Your instructions » Write out exactly the lines running from the one with "Bild 33 Fahrzeugheck" to the end of the data, including both of those lines and excluding pictures.

Data listing »
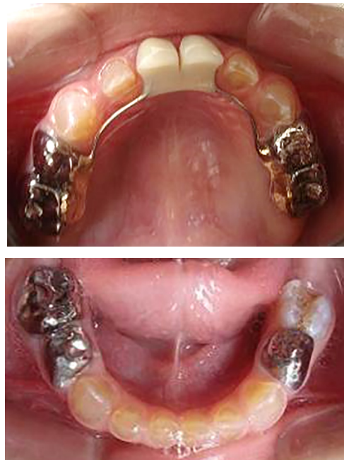
Figura 4: Postoperatorias clínicas del maxilar superior e inferior (2007)

dentarios afectados. Se restauraron los molares primarios inferiores involucrados con coronas de acero (7.4, 8.4 y 8.5). Se realizaron las extracciones de las piezas 5.1 y 6.1 que no pudieron ser rehabilitadas, manteniendo la longitud del arco con un mantenedor de espacio fijo superior; con coronas en 5.4, 5.5, 6.4 y 6.5, y arco palatino con las piezas 5.1 y 6.1 a reponer (Figura 4). De esta manera fueron restablecidas las funciones masticatorias, fonéticas, y estéticas, asegurando el mantenimiento de la dimensión vertical perdida por la atrición y, acompañando el crecimiento y desarrollo de los maxilares. El equipo interdisciplinario de la cátedra permitió que el paciente realizara simultáneamente con su tratamiento rehabilitador la consulta con la fonoaudióloga para una óptima aceptación del mantenedor de espacio y la reeducación de la postura lingual y con la psicóloga quien manifestó que el niño presentaba un comportamiento acorde a su etapa de desarrollo evolutivo y psicoafectivo y que no presentaba
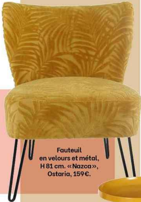
Fauteuil en velours et métal, H 81 cm. «Nazca», Ostaria, 159 €.

Réchauffez votre intérieur en parsemant ça et là des touches d'ocre lumineux. PAR SYLVIE BADET ET AMÉLIE DE MENOÛ
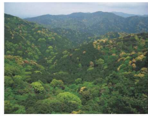
大正末から昭和初期頃の宮域林（ヒノキの植林地）（左） 大きな木がほとんどない時期がありました。 現在の宮域林（右）
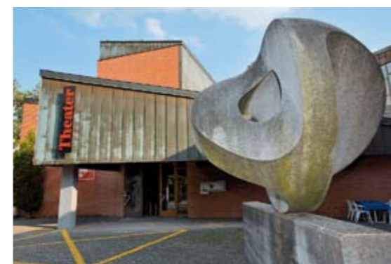
Markant: Das Parktheater, ein ausladender Backsteinbau.

rundherum sein Image, das Image einer heruntergekommenen Stadt, nicht loswurde. In den Städteratings des Wirtschafts magazins «Bilanz» landete sie einmal auf dem letzten, ein anderes Mal auf dem zweitletzten Platz. Grenchen, das hässliche Entlein. Und nun hat die Stadt den Wakkerpreis
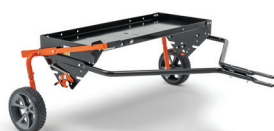
ANBAUPLATTFORM 586 63 72-01
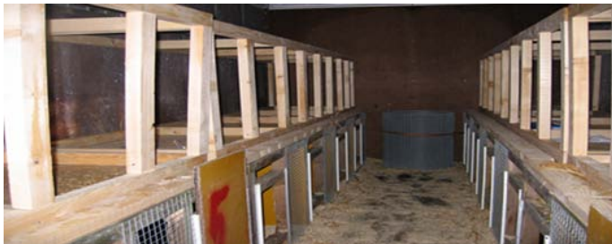
Kuva 19. Rakenteilla oleva kuljetusväline, jossa koirat ovat yöpyneet

Eläinsuojelulainsäädännössä on vain vähän määräyksiä kuljetusvaatimuksista. Tarkastuksessa havaittiin kahdelta kaupallisia eläinkuljetuksia suorittavalta henkilöltä puuttuvan eläinkuljetuslupa ja puutteista annettiin määräykset. Osa tarkastajista ei antanut määräyksiä luvan puuttumisesta vaan he antoivat neuvoja luvan hankkimisesta. Eläinkuljettajalupa tarvitaan, mikäli eläinkuljetus on kaupallista ja eläimiä kuljetetaan yli kuusikymmentä viisi (65) kilometriä. (Laki eläinten kuljetuksesta 16–19 §; eläinkuljetusasetus 1/2005.) Kuljetusvälineitä tutkittiin vain niissä tapauksissa, joissa koirat yöpyivät kuljetusvälineissä. (Lapin lääninhallitus 2009a.)
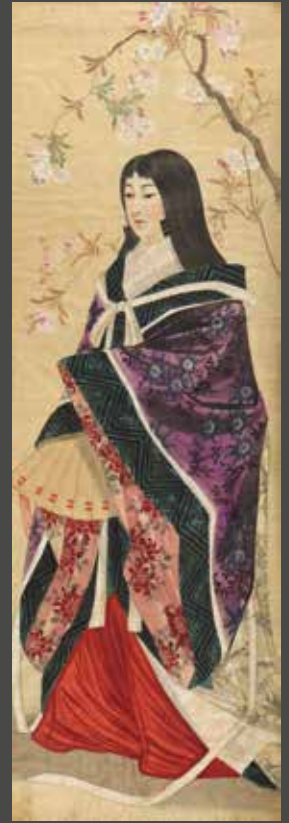
Époque MEIJI (1868 - 1912) Jeune femme sous les cerisiers en fleurs, encre sur soie, H. 129 cm
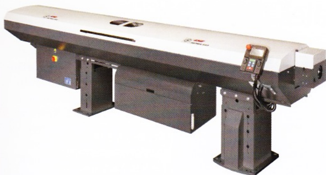
Auf der Fachmesse EMO in Hannover präsentierte LNS das neue Stangenladegerät Alpha 552 das erste Mal in Europa.
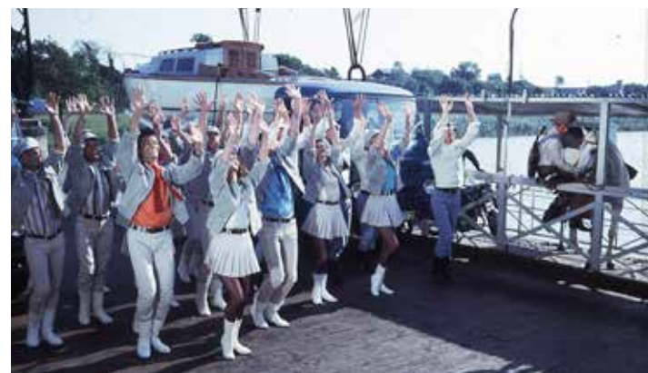
L'arrivée des forains par la nacelle du Pont Transbordeur

C'est ici, le mardi 31 mai 1966, à 9h00 précises, qu'a été donné le premier tour de manivelle. Le cortège des forains traverse la Charente sur la nacelle du Pont Transbordeur.
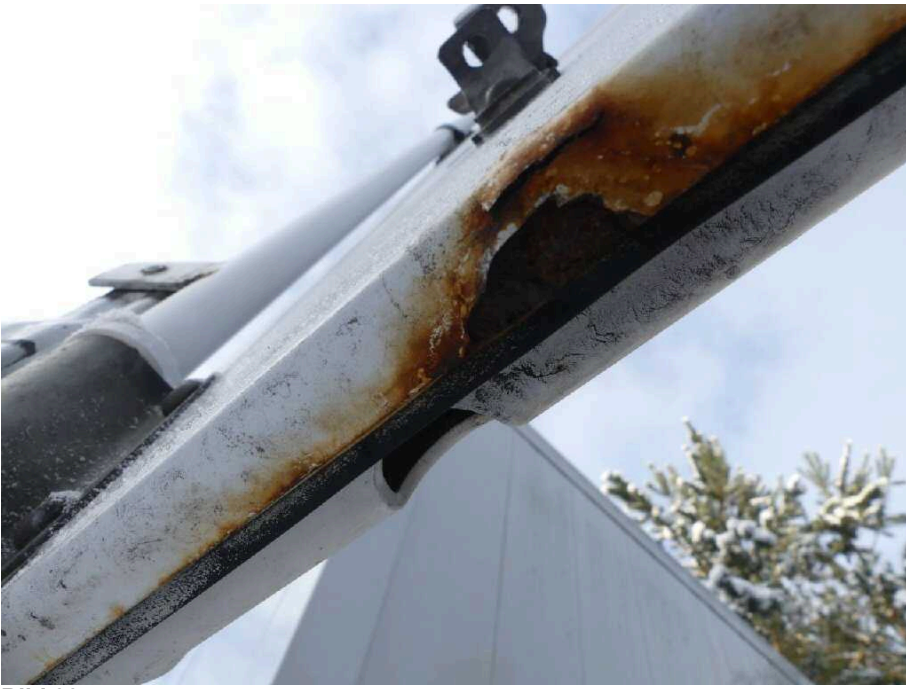
Bild 33 Fahrzeugheck Heckflügeltür rechts stark korrodiert
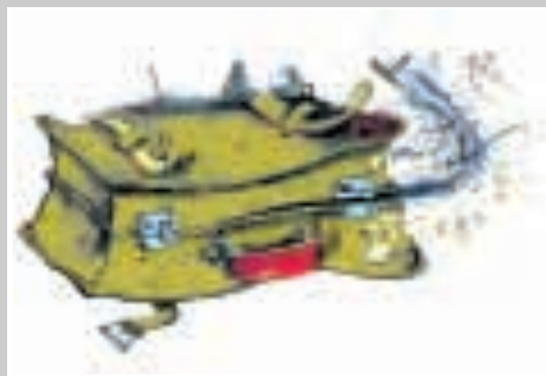
A sinistra, Paolo Rossi durante uno spettacolo degli anni scorsi a Sassari. Sopra, il logo del festival «La valigia dell'attore» che ospita il laboratorio dell'artista milanese

Da domani alla Maddalena con un corso di recitazione
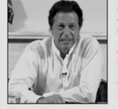
पीपुल्स पार्टी (पीपीपी) और पीएमएल-एन और कई अन्य छोटे दलों ने इमरान खान के खिलाफ यह गठबंधन बनाया है।

इस्लामाबाद। पाकिस्तान का प्रधानमंत्री बनने की राह में इमरान खान को दो बड़े सियासी दलों ने चुनौती देने की तैयारी कर ली है।

Response to this exercise »
Bild 33 Fahrzeugheck Heckflügeltür rechts stark korrodiert
A sinistra, Paolo Rossi durante uno spettacolo degli anni scorsi a Sassari. Sopra, il logo del festival «La valigia dell'attore» che ospita il laboratorio dell'artista milanese

Da domani alla Maddalena con un corso di recitazione
पीपुल्स पार्टी (पीपीपी) और पीएमएल-एन और कई अन्य छोटे दलों ने इमरान खान के खिलाफ यह गठबंधन बनाया है।

इस्लामाबाद। पाकिस्तान का प्रधानमंत्री बनने की राह में इमरान खान को दो बड़े सियासी दलों ने चुनौती देने की तैयारी कर ली है।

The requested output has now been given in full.